Comenzamos a compartir parte de los escritos de esta santa, los cuales son muy precisos y profundos. Teresa dice en su autobiografía:

“Me han pedido que ponga por escrito todos los favores que me ha hecho el Señor, aunque yo hubiera preferido escribir detalladamente sobre mis grandes pecados y mi vida ruin. Pero esto no me lo han permitido. No sé quién leerá este relato de mi vida. Sea quien sea, tenga bien presente la bajeza de mi proceder. Traté de consolarme con la vida de los santos, pero fue inútil. Ellos, una vez comenzado el seguimiento de Cristo, no lo volvían a ofender. Yo, no solo volví a ser peor, sino que parecía que me empeñaba en resistir las gracias que me daba el Señor. Sea por siempre bendito Dios, que tanto me esperó y a quien todo mi corazón suplico me ayude para que con claridad y absoluta verdad escriba lo que mis confesores me han mandado sobre mi vida. Que estas líneas sean para gloria y alabanzas del Señor y para que mis confesores -conociéndome de este modo mejor- ayuden a mi flaqueza, para que pueda servir mejor a Su Majestad, único merecedor de toda la gloria y alabanza. Amén”.

 

Comienza Teresa a describir todo lo que ha sido su vida en diferentes etapas, las luchas interiores que ha tenido para vencer las resistencias del mal que la querían apartar del camino de Dios. En su camino han tenido mucho que ver personas que han sido buenas compañías y libros que la ayudaron a encaminar su vida detrás del Maestro de Galilea.

Escribiendo respecto de su infancia, decía: “Si no hubiese sido tan ruin, hubiera sido suficiente para ser buena el tener padres virtuosos y piadosos”. Cuando Teresa utiliza la palabra “ruin” quiere expresar que no se sentía a la altura de lo que Dios le pedía.

Teresa de Ávila también describió en sus escritos como era su familia: “Mi padre leía continuamente libros buenos y los ponía a nuestro alcance para que los leyéramos, mis hermanos y yo. Mi madre cuidaba de que rezáramos y se preocupaba de que fuéramos devotos de Nuestra Señora y de algunos santos. Mi padre era muy caritativo con los pobres y los enfermos y con los criados de la casa.

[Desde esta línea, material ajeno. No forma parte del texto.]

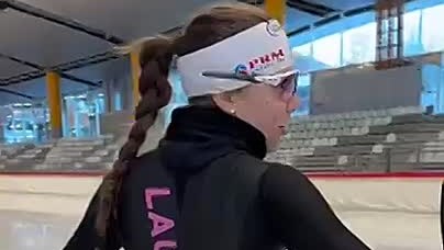 Конькобежки разминаются перед тренировкой👏

Nunca nadie lo vio jurar ni murmurar. Era un hombre muy recto. Mi madre también fue de grandes virtudes y pasó la vida con grandes enfermedades. Siendo muy hermosa, nadie jamás notó que ella se preocupara de eso. Murió muy cristianamente a los treinta y tres años de edad. Éramos tres hermanas y nueve hermanos. Todos, gracias a Dios, muy virtuosos, excepto yo, aunque era la más querida de mi padre. Era muy compañera de uno de mis hermanos, que tenía casi mi edad. Leíamos juntos vidas de santos. Al leer los martirios que habían padecido por Dios muchos de ellos, nos parecía que habían conseguido muy fácilmente ir a gozar de Dios, en la otra vida. Yo deseaba también morir así, no por amor a Dios, sino por ir a disfrutar de inmediato de los grandes bienes del Cielo. Y junto con este hermano hacíamos planes para conseguir el martirio. Iríamos a tierra de moros, para que allí nos cortaran la cabeza… Ahora veo que era el Señor quien nos daba ánimo en tan tierna edad. Nos asombraba mucho, en aquella época, el leer que tanto la condenación como la gloria son para siempre”. Las cosas que se hacen en Dios no se pierden en el olvido, sino que son para siempre .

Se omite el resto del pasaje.